La Corte dei Conti boccia De Magistris

martedì 25 febbraio 2014


Una bocciatura totale, senza sconti. Mai un sindaco di Napoli, come Luigi De Magistris, ex Pm, è stato censurato così in profondità dalla Corte dei Conti. Gravi irregolarità, carenze, incapacità di riscuotere tributi comunali e di farsi pagare le multe per infrazioni al Codice della strada.

Nella relazione di cento pagine della sezione di controllo per la Campania (presidente Ciro Valentino, referenti Rossella Bocci, Innocenza Zaffina, Francesco Sucameli), depositata il 20 febbraio, c’è tutto il dissesto dell’amministrazione di Palazzo San Giacomo e il degrado tecnico-finanziario della gestione della coalizione di centrosinistra, succeduta ai sindaci Rosa Russo Jervolino e Antonio Bassolino, due dei leader politici della Margherita e del Pd campano al potere per oltre un ventennio.

I giudici contabili hanno ragionato sui dati, sulle osservazioni fornite dagli stessi amministratori, sul confronto con l’assessore al Bilancio, Salvatore Palma. Pagina dopo pagina il riequilibrio finanziario pluriennale presentato è bocciato nella sua interezza e parte per parte. L’ex pubblico ministero passato in politica è stato bocciato.
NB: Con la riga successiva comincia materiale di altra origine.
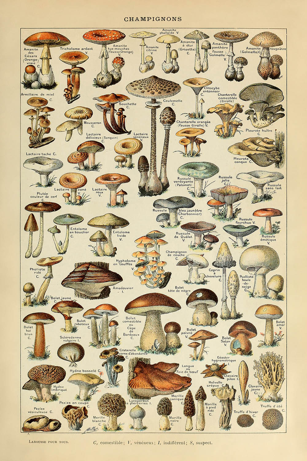 Adolphe Millot's "Champignons," first published in 1890, is an exquisite Victorian botanical illustration that brings the fascinating world of fungi to life. This artwork showcases a wonderful selection of mushroom sketches originally published in "Le Larousse pour tous: nouveau dictionnaire encyclopédique," a masterpiece by Millot. Through these detailed and aesthetically pleasing illustrations, Millot provides a visual feast that highlights the diversity and beauty of mushrooms in the natural world.

“Il pre-dissesto finanziario è irreversibile” e per la Corte “è urgente e indifferibile ricorrere alla procedura di riequilibrio finanziario previsto dal decreto legge del 2012”. Le risposte fornite dai vertici comunali non sono esaurienti e dai dati forniti “non appare un quadro chiaro e aggiornato sulla situazione debitoria dell’ente”. Il rosso supera il miliardo di euro. L’inattendibilità del rendiconto del Comune parte dall’accertato disavanzo di amministrazione di 850 milioni di euro, a cui si aggiungerebbero altri 600 milioni per debiti fuori bilancio, e per le gravi criticità nella gestione dei residui attivi e passivi spesso inesigibili o di dubbia esigibilità.

Non è facile seguire tutte le argomentazioni della Corte dei Conti. Il dossier nella sua articolazione tecnico-giuridica può tuttavia considerarsi una stangata alle modalità con cui la politica gestisce gli enti locali. E soprattutto un Comune come quello di Napoli, che in più parti elude i limiti del patto di stabilità, che è incapace di riscuotere i tributi tanto che l’evasione supera il 50% dei casi e che la Corte critica per le irregolarità nel regolamento di organizzazione degli uffici e servizi del Comune, anche per gli incarichi esterni (le cosiddette consulenze agli amici degli amici).

Quali le irregolarità contabili compiute dalla giunta comunale guidata da Luigi De Magistris? Almeno sei, tra le innumerevoli segnalate: 1) bassa capacità di riscossione con ripercussioni sugli equilibri di cassa; 2) costante sofferenza di cassa e utilizzo di fondi aventi specifica destinazione per impieghi di parte corrente; 3) squilibrio strutturale di parte corrente accompagnato dalla prassi di finanziare il disavanzo corrente con la quota di avanzo vincolata al Fondo svalutazione crediti; 4) costante e rilevante aumento dei debiti fuori bilancio; 5) criticità delle società partecipate (con forte indebitamento e scarsa o negativa redditività); 6) eccessivo ricorso alla finanza innovativa, misura già censurata nel 2010.

Cosa deve fare ora il Comune di Napoli? La strada, dice la Corte, è quella indicata dalla legge: l’ente deve dichiarare lo stato di dissesto e varare entro 20 giorni un piano che garantisca l’assolvimento delle funzioni e dei servizi indispensabili. Al di là delle valutazioni politiche è evidente, osserva la Corte dei Conti, che “il Comune di Napoli non ha effettuato una completa ed esaustiva verifica della propria situazione amministrativa ed economico-finanziaria”.